Avec 1789, il nous a été possible, pour la première fois, d'adopter une même démarche pour l'ensemble des techniques nécessaires à l'élaboration du spectacle. Ainsi, de même que sur le plan de l'improvisation, la plus grande liberté, la plus totale disponibilité était laissée aux comédiens, de même le travail de l'équipe technique pour l'élaboration du décor, ou de l'équipe "costumes" ou encore des éclairages n'a pas été conçu "a priori", mais a constamment évolué au fur et il mesure des répétitions.
Le dispositif scénique avait été pensé à l'origine comme devant être adaptable aux dimensions d'un terrain de basket. La troupe n'ayant pas de lieu fixe de représentation, cet impératif nous semblait pouvoir faciliter les représentations en tournée : pas une ville qui n'en ait un. Ce sport d'équipe, conçu comme un spectacle où les actions individuelles sont importantes, a secrété un espace dûment codifié qui correspond à la représentation de 1789. Le terrain de basket fournit aux "regardés" (joueurs-acteurs) une aire propice aux mouvements d'ensemble tandis qu'il permet aux "regardants" (spectateurs) de ne rien perdre de chaque action individuelle. De plus nous retrouvions dans les rapports gradins-aire centrale-tréteaux une certaine équivalence avec les rapports du théâtre de foire sur les places des villes à marché ainsi à Cambrai, les bateleurs s'installaient sur la place du marché pour jouer devant le menu peuple tandis que des fenêtres des maisons bourgeoises une autre vision était possible.
Pour la première fois, nous avons pu concevoir, lors des premières répétitions au Palais des Sports de la porte de Versailles, une maquette grandeur nature, qui permettait d'expérimenter les différents problèmes : hauteur idéale des tréteaux pour les spectateurs debout, nombre d'aires scéniques, moyens de les relier les unes aux autres.
Une fois la maquette réalisée et utilisée par les comédiens, les tréteaux, d'abord confectionnés selon des techniques sommaires et avec des matériaux provisoires, ont été construits d'après les plans et selon les méthodes des ouvriers charpentiers de l'époque, entièrement chevillés.

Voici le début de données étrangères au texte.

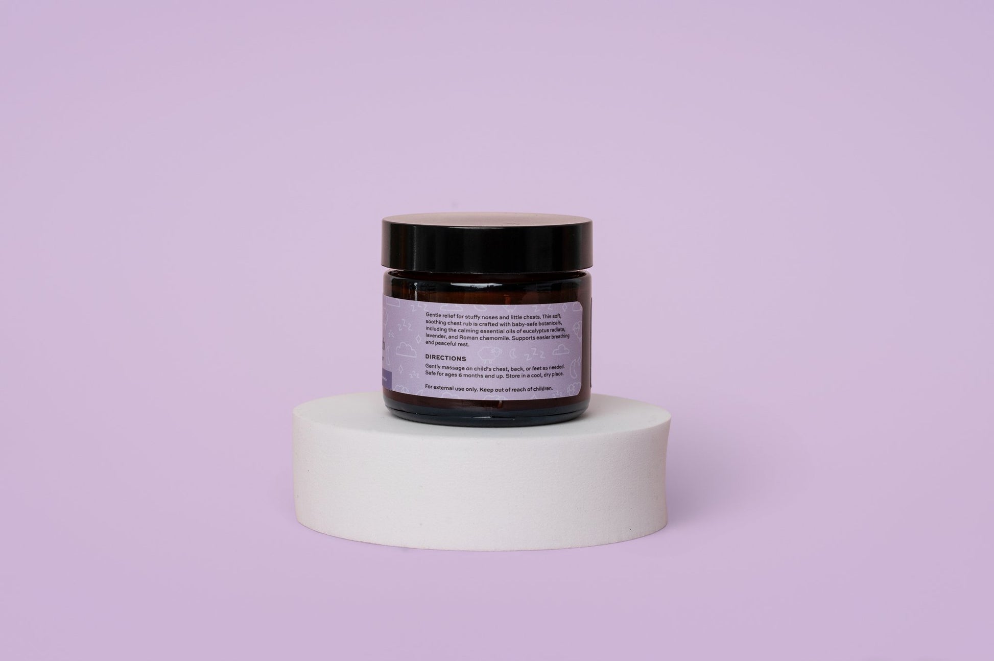 Made in small batches with honest ingredients, each rub blends Organic Virgin Coconut Oil, Mango Butter, Jojoba Oil, and Beeswax for a smooth, nourishing base. We add Organic Eucalyptus Radiata, Lavender, and Roman Chamomile to create its calm, bedtime-friendly scent.

De même pour les costumes, le travail des maquettistes n'a pas été la traditionnelle confection de maquettes d'après des documents d'époque : les comédiens avaient à leur disposition dès la première répétition tout un lot de costumes des spectacles précédents, costumes achetés chez des fripiers, lot de costumes du Français ou de films dans lequel ils puisaient selon leur fantaisie pour les besoins de leurs silhouettes en fonction des personnages improvisés. Ils se "déguisaient" comme font les enfants qui jouent aux corsaires... Le travail de maquettiste était alors de se servir des formes, des couleurs, des matières suggérées par les comédiens pour fixer les costumes définitifs, tous ou presque consolidés, retravaillés.
Le principe des éclairages a procédé de la même démarche. Après avoir essayé d'éclairer chacun des praticables au moyen de projecteurs, nous nous sommes rendus compte que ce qui se passait autour de ces aires de jeu tant du côté des acteurs que des spectateurs ne devait pas être plongé dans l'obscurité, que c'était même paradoxal. Pour cette raison, nous avons été amené à établir un "plan de feux" fait d'ampoules et de diffuseurs, commandés par un jeu d'orgue qui donne la possibilité de jouer sur l"intensité des uns et des autres. Aussi peut-on éclairer plus ou moins un plateau sans l’isoler, la diffusion de la lumière permettant d'établir un trait d'union avec le reste du dispositif. Nous n'utilisons des projecteurs que pour les scènes spécifiquement "théâtrales" comme la "Nuit du quatre août". Il est évident que ce choix n'aide pas beaucoup, si puissante que soit la possibilité d'intensité, l'éclairement des acteurs, aussi utilisons-nous quatre projecteurs de poursuite qui suivent tous les personnages.